Who gets an organ? Doctors have to take a crucial call in hours, sometimes just minutes

Though there is an established rotation system for all the 15 transplant centres in the state, in emergency situations, the call is made by the sub-committees that are constituted annually.

Published: 13th August 2018 02:46 AM  |   Last Updated: 13th August 2018 02:46 AM   |  A+A-

Since dialysis option is available for kidney, doctors have a point system on how urgent a particular case is.

Express News Service

BENGALURU: Every day, hundreds wait for cadaveric organs from patients declared brain dead. While one would want everyone to get a second chance with a donor organ, doctors on sub-committees for various organ transplants — kidney, heart and liver — have to take a call in a few hours as to who gets the organ among potential recipients.

Though there is an established rotation system for all the 15 transplant centres in the state, in emergency situations, the call is made by the sub-committees that are constituted annually.

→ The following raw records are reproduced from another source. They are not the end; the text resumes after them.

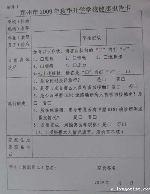 为做好预防甲型流感第一课,学校要求校医要认真收集整理有关甲流的学习材料并印发给学生人手一份。各班主任、处室主任必须在开学一周内做好暑期学生、教师外出情况摸底工作,并认真填写郑州市2009年秋季开学学校健康报告卡。年级长、中层干部要对非班主任和处室工作人员进行培训,使其掌握甲型H1N1流感及防控的相关知识,并通过班会让每一个学生认真学习。各班要做好学生每天的晨检工作,填写晨检表,于每天下午4:30以前交到政教处,政教处整理后于5:00以前上交市教育局。对于缺课的学生要追查其未到校的原因,特别要调查其是否有甲型流感的相似症状。严防外来人员进校。外来车辆(除了上级主管部门事先联系好的车辆外)一律不得入内。家长联系不到班主任不得入内。食堂工作人员不得随意出入校园。一旦发现有甲流症状的任何情况,班主任和处室主任必须第一时间上报校长和校医,学校必须及时把有关情况上报市教育局。
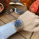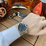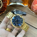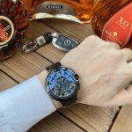 Brand: Cartier Ballon Bleu Series. A popular men's watch with a genuine leather strap and original buckle, made of stainless steel. Features a top-tier six-hand multi-functional quartz movement, mineral-strengthened glass, exquisite craftsmanship, and a grand, sophisticated design. Dimensions: Diameter 42mm, Thickness 14mm.
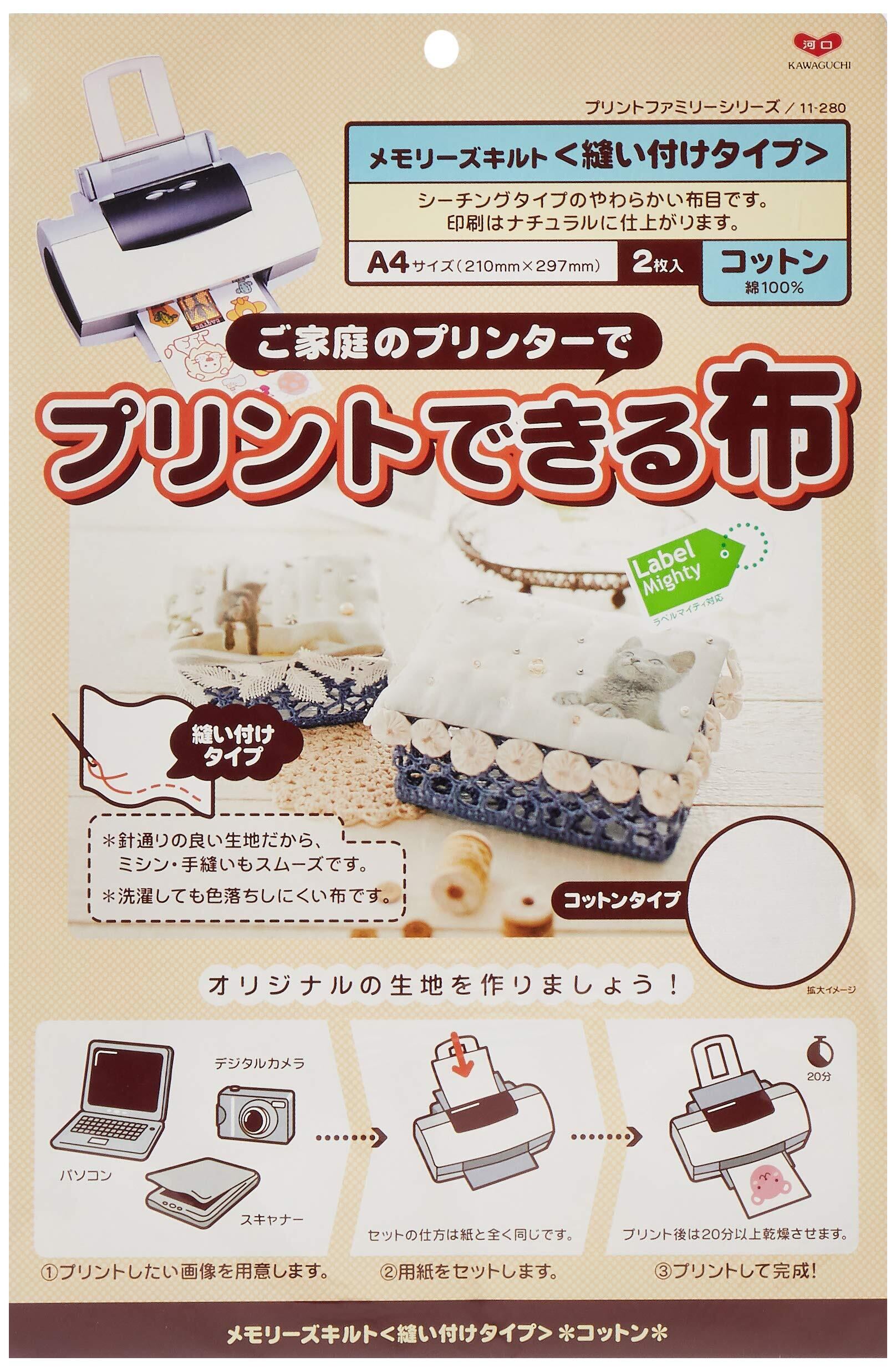 KAWAGUCHI プリントできる布 メモリーズキルト クラフト用 縫い付けタイプ コットン 2枚 A4 11-280 ホワイト

Dr N S Nagesh, head of the liver transplant unit at Pradhan Mantri Swasthya Suraksha Yojana Super-specialty Hospital, is on the liver sub-committee of Jeevasarthakathe, the state organ transplant authority. There are 946 patients waiting for a liver. Liver transplants are complex in relative comparison to other organs because the liver has to be cut down to a particular size and shape.

Dr Nagesh said, “We don’t have a point system like in kidney transplant waiting list that determines the urgency. In emergency situations, we give priority to acute liver failure patients or those that require dual organs like liver and kidney. Otherwise, it is based on seniority in each blood group. We also calculate graft versus recipient weight ratio. Paediatric donations can go only to paediatric recipients. Once in two months, we get into special situations where we have to take a call based on clinical parameters.”

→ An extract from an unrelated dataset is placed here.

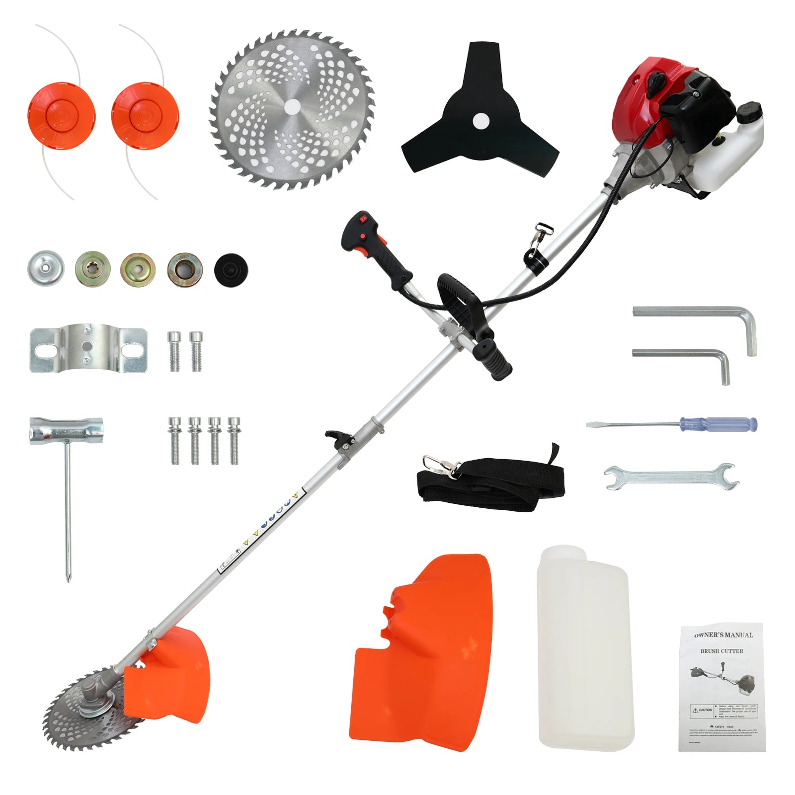 This gasoline lawn mower features an adjustable straight shaft design, making it easy to tackle various trimming needs. The ergonomic handle design ensures comfortable operation over extended periods. The 58cc two-stroke gasoline engine provides powerful performance, allowing you to quickly cut through thick grass, weeds, and shrubs. The 4-in-1 trimmer heads offer versatile functionality to meet all your garden trimming requirements. The large capacity fuel tank ensures long-lasting operation without the need for frequent refueling. The easy-to-remove baffle ensures safe operation, while the transparent fuel tank allows for easy monitoring of fuel levels. This gasoline weed eater is powerful and stable, freeing you from concerns about battery aging and power cord length, making your garden trimming tasks more efficient and convenient. Choose it to bring a fresh new look to your garden!
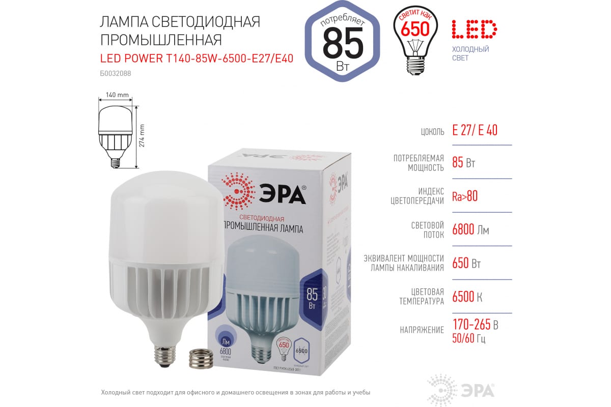 Светодиодная лампа ЭРА LED POWER T140-85W-6500-E27/E40, колокол, холодный Б0032088 для освещения производственных, торговых и подсобных помещений. Отличается высокой мощностью, грамотно продуманной системой охлаждения и широким выбором цветовых температур.

Since dialysis option is available for kidney, they have a point system on how urgent a particular case is. There are 2,342 patients waiting for a kidney. There are three nephrologists on the kidney sub-committee.
Dr Anil Kumar B T, senior consultant nephrologist and transplant physician, BGS Global Hospital, one of the sub-committee members, said, “Our challenges include making these decisions in the middle of the night. Currently, since there are zones like Hubballi, Mangaluru and Mysuru, for organ allocation, it is more streamlined. In the kidney sub-committee, we assess the health of the donor organ. The allocation is solely based on seniority, one organ goes to the hospital where it is harvested and the other goes to the general pool.”

At least a dozen times a month, the doctors make a conference call with other members of the committee to arrive at a consensus, once Jeevasarthakathe sends them the donor and potential recipient reports.
Dr Nagamalesh U M, senior consultant, cardiology, heart failure and transplant, Ramaiah Narayana Heart Centre, said, “Once in a week, three of our doctors on the sub-committee take a call on emergency situations. If there is a difference in opinion, at least two of us should agree on who should get the heart.” There are 59 patients waiting for a heart.